Zaki menggelengkan kepalanya. "Nggak."
"Sial," gumam Tiwi, menyeka lendir dari wajahnya dengan lengan kemeja. Dia menarik napas dalam-dalam dan menatap, ngeri, pada benda lengket itu. Jantungnya masih berdebar kencang. Dia menghapus sisa kotoran dengan daun merah marun raksasa, mencoba mengenyahkan laba-laba yang menakutkan itu dari pikirannya.

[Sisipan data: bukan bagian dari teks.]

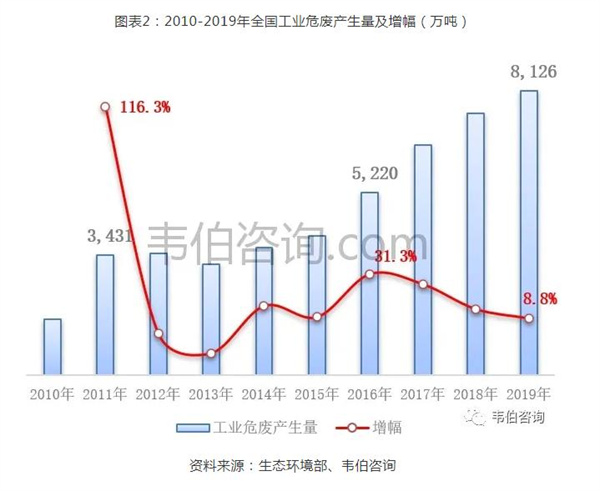 (1)2011年,國(guó)家工業(yè)危廢申報(bào)口徑從一年產(chǎn)生10千克納入統(tǒng)計(jì)改為1千克,統(tǒng)計(jì)數(shù)據(jù)由2010年的1586萬噸激增至3431萬噸,增幅超過100%。
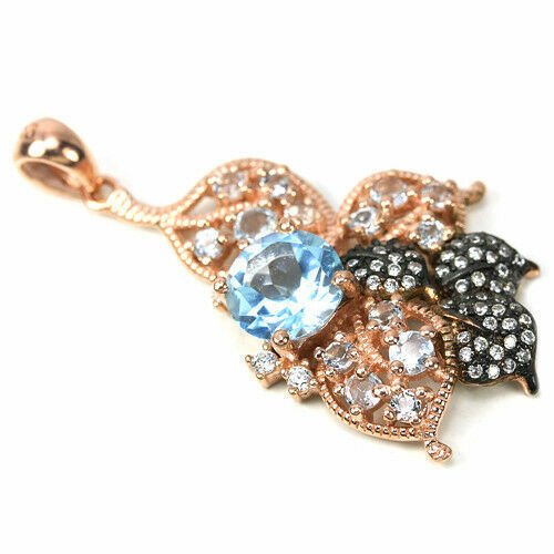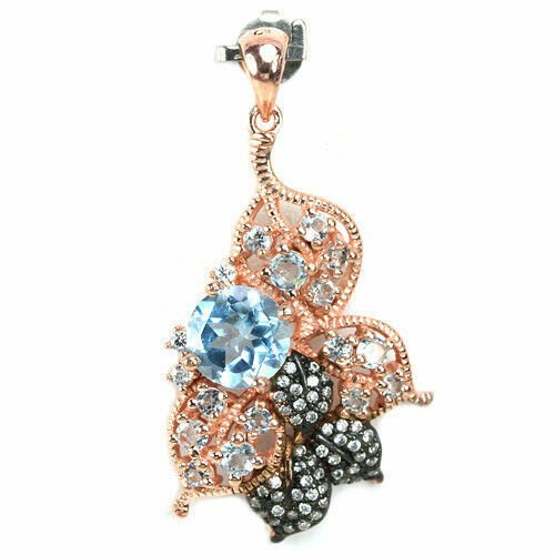 Very beautiful pendant with 15 blue topazes in the color sky blue & white cubic zirconia set in 925 sterling silver 585 rose gold plated and partially black rhodium plated
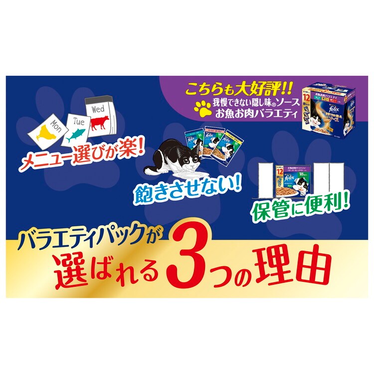 ・18歳からのネコさんが食べやすい小さめフレークで、ツナ・サーモン・チキンの3種類が入ったバラエティパック。
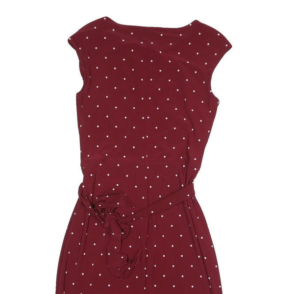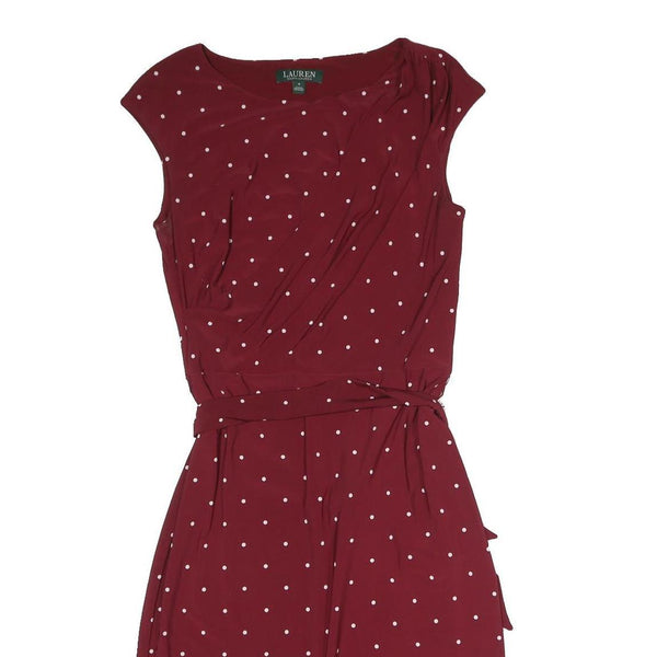 This Lauren Ralph Lauren womens dress features a rich maroon base adorned with a classic white polka dot pattern for a timeless look. The dress includes a matching fabric belt tied at the waist, creating a flattering silhouette. It has a subtle scoop neckline and cap sleeves for a feminine touch.
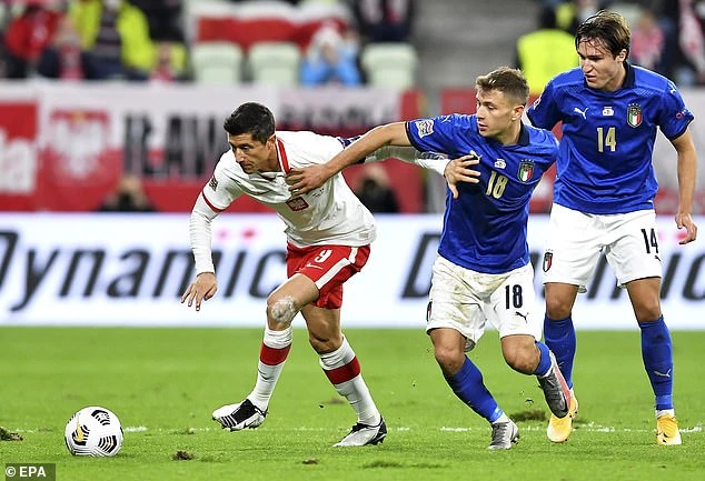 Lewandowski đi bóng trước sự đeo bám của Barella trong trận Ý hòa Ba Lan 0-0.

Zaki menariknya ke dalam pelukannya yang erat, tidak mempedulikan baju yang penuh lendir hijau. "Lu baik-baik saja, kan, Wi?"
"Kepalaku sakit, tetapi aku baik-baik aja. Trims udah nanya, dan maaf udah bikin kalian ketakutan. Aku nggak lihat ada gundukan di antara daun besar."
"Lu yakin lu baik-baik aja?" tanya Miko. "Lu lumayang banyak nenggak cendol ijo laba-laba."
Tiwi memaksakan senyum tersungging di bibirnya. "Aku baik-baik saja. Serius. Malah rasanya aku tambah langsing. "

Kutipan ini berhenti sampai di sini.